2.4. SNV/INDEL タンパク質構造マッピングツール

2.4.1. 基本的な使い方

jMorp にはゲノムバリアント (SNV/INDEL) がタンパク質構造のどこに当たるのかを示した タンパク質構造マッピングデータ が収録されています。 これは SNV/INDEL を DNA 配列上の位置から RNA 配列上の位置、アミノ酸配列上の位置に順次変換した後、 得られた配列を使って Protein Data Bank (PDB)AlphaFold DB の アミノ酸配列データベースに対しBLAST検索を実行することでタンパク質上の位置を特定したものです。 タンパク質構造へのマッピングデータが存在する場合、遺伝子ページSNV/INDEL ページ から SNV/INDEL タンパク質構造マッピングツールへ移動し、SNV/INDEL と タンパク質構造の位置関係を見ることができます。

下の図は rs671 を PDB に収録されているタンパク質構造データにマッピングした結果を表示した時 の様子です。

../../_images/snvindel_structure_mapping-blast.ja.png ../../_images/snvindel_structure_mapping-structure.ja.png

ページの最上部には BLAST HIT 0, BLAST HIT 1 ・・・と書かれたタブがあります。 前述の通り最終的には配列間の類似性を Blast で判定することで SNV/INDEL をタンパク質構造へマッピングしています。 この Blast のプロセスにおいては、1アミノ酸配列と複数のタンパク質構造がマッチされることがあります。 ページの最上部の BLAST HIT タブを用いることでマッチを切り替えることができます。

タブの下の Blast Info パネルでは前述した Blast 検索の結果 (クエリとして与えた配列、マッチしたタンパク質構造配列・ e-value ・ Sequence Identity など) が表示されます。

画面下部の Protein structure パネルではタンパク質構造モデルが表示され、どこに SNV/INDEL があるのかを見ることができます。 パネル上部のセレクタを使ってタンパク質構造を選択することができます。 jMorp のタンパク質構造ビューワーでは PDB に登録されているタンパク質構造をアミノ酸配列の類似性でグルーピングしており、 同じアミノ酸配列を持つタンパク質構造は1個の Blast Hit として現れます。 Protein structure の上部にあるセレクタを使うことでグルーピングされたタンパク質構造の中からどの構造に対して SNV/INDEL をマッピングした結果を表示するかを選択することができます。

Protein structure パネルの右側には Chain を選択するためのセレクタや構造の特性(二次構造や溶媒露出表面積 (Accessible Surface Area; ASA)) などが表示されます。

Protein structure パネルの左側には設定したタンパク質構造・ Chain における SNV/INDEL のマッピング結果が表示されます。 リボンモデルで表示されているタンパク質構造上に水色の球で SNV/INDEL の位置が表示されます。 タンパク質構造はマウス操作で回転・拡大・縮小することができます。
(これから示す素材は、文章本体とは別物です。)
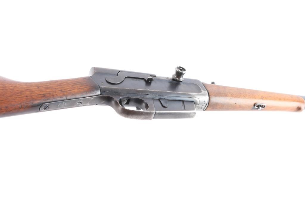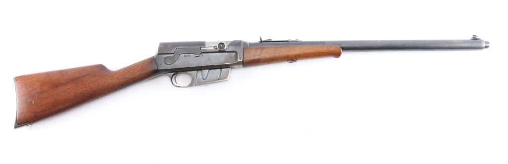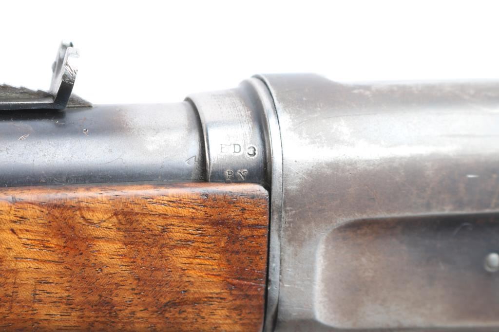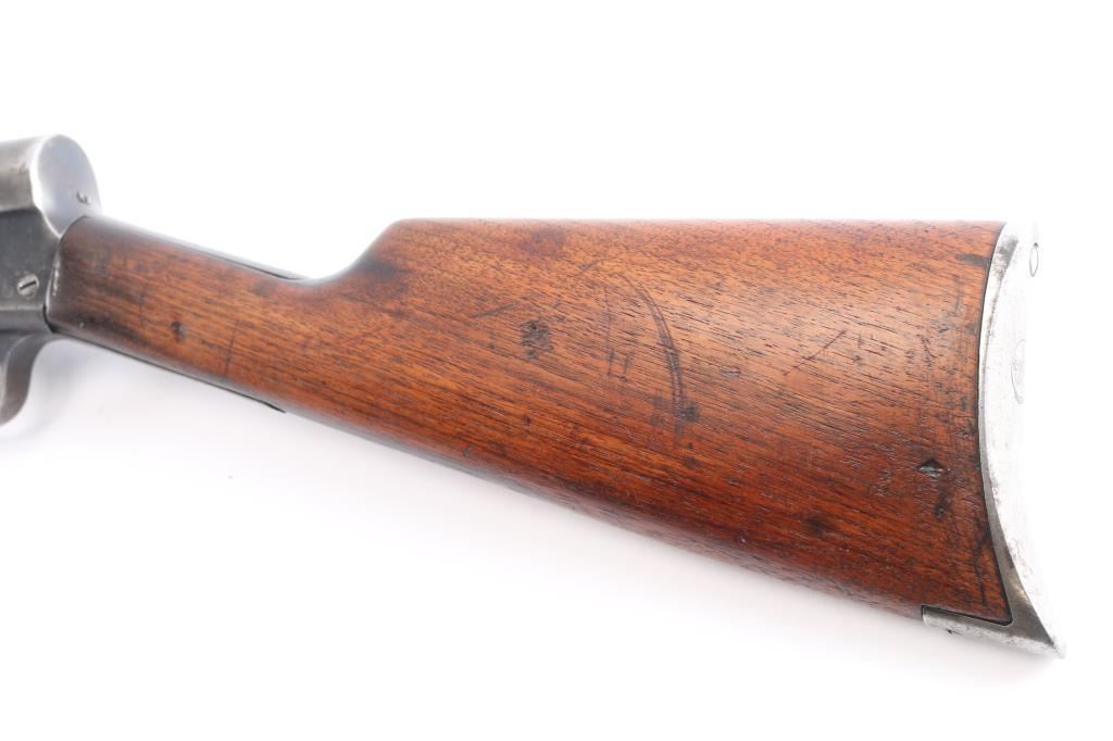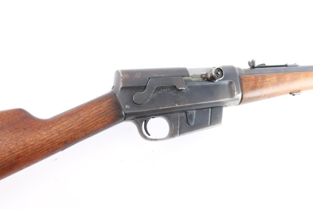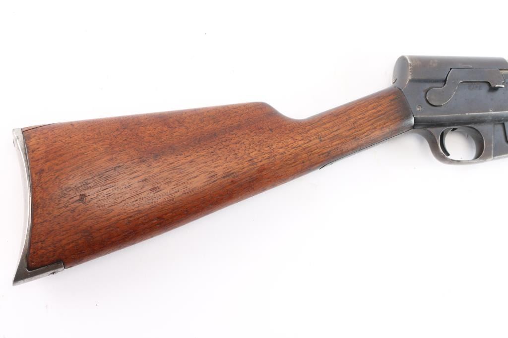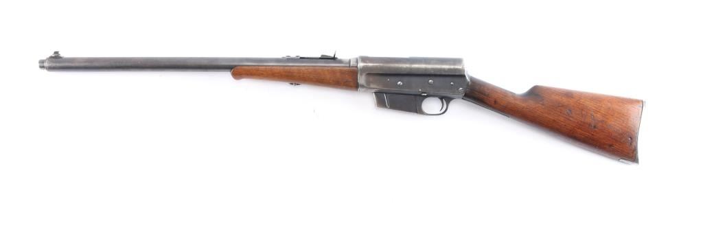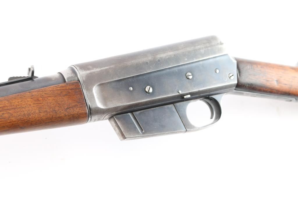 Vintage American made semi-automatic take-down rifle chambered for .35 Remington. Manufactured circa 1922 in Ilion, NY. Rifle features a blued finish, 22" barrel with barrel jacket, dovetailed blade front sight, elevation adjustable buckhorn rear sight, smooth curved trigger, fixed magazine, left side receiver mounted bolt stop, and lever style manual safety. The original hardwood furniture consists of a smooth straight gripped shoulder stock, smooth Schnabel forend with a sling swivel, and smooth steel crescent butt plate. The original blued finish retained is approximately 40%, with general thinning, edge wear, and the remainder turning a brown patina. Metal displays light scattered rust along the barrel and on the receiver. Bore is bright with strong rifling, and the action is smooth and crisp. The hardwood furniture is good with scattered scratches and handling marks.

2.4.2. AlphaFold DB 収録タンパク質構造へのマッピング結果へ切り替え

jMorp には SNV/INDEL を PDB に収録されているタンパク質構造へマッピングした結果の他に、 SNV/INDEL を AlphaFold DB 収録のタンパク質へマッピングを行なった結果も収録されています。

データが存在する場合、ページ上部に次のような切り替えリンクが表示されますので このリンクを用いて AlphaFold DB 収録のタンパク質へマッピングを行なった結果へと切り替えることができます。

../../_images/snvindel_structure_mapping-switch_to_afdb.ja.png

マッピング結果として表示される内容は PDB へのマッピング結果と同じ構成です。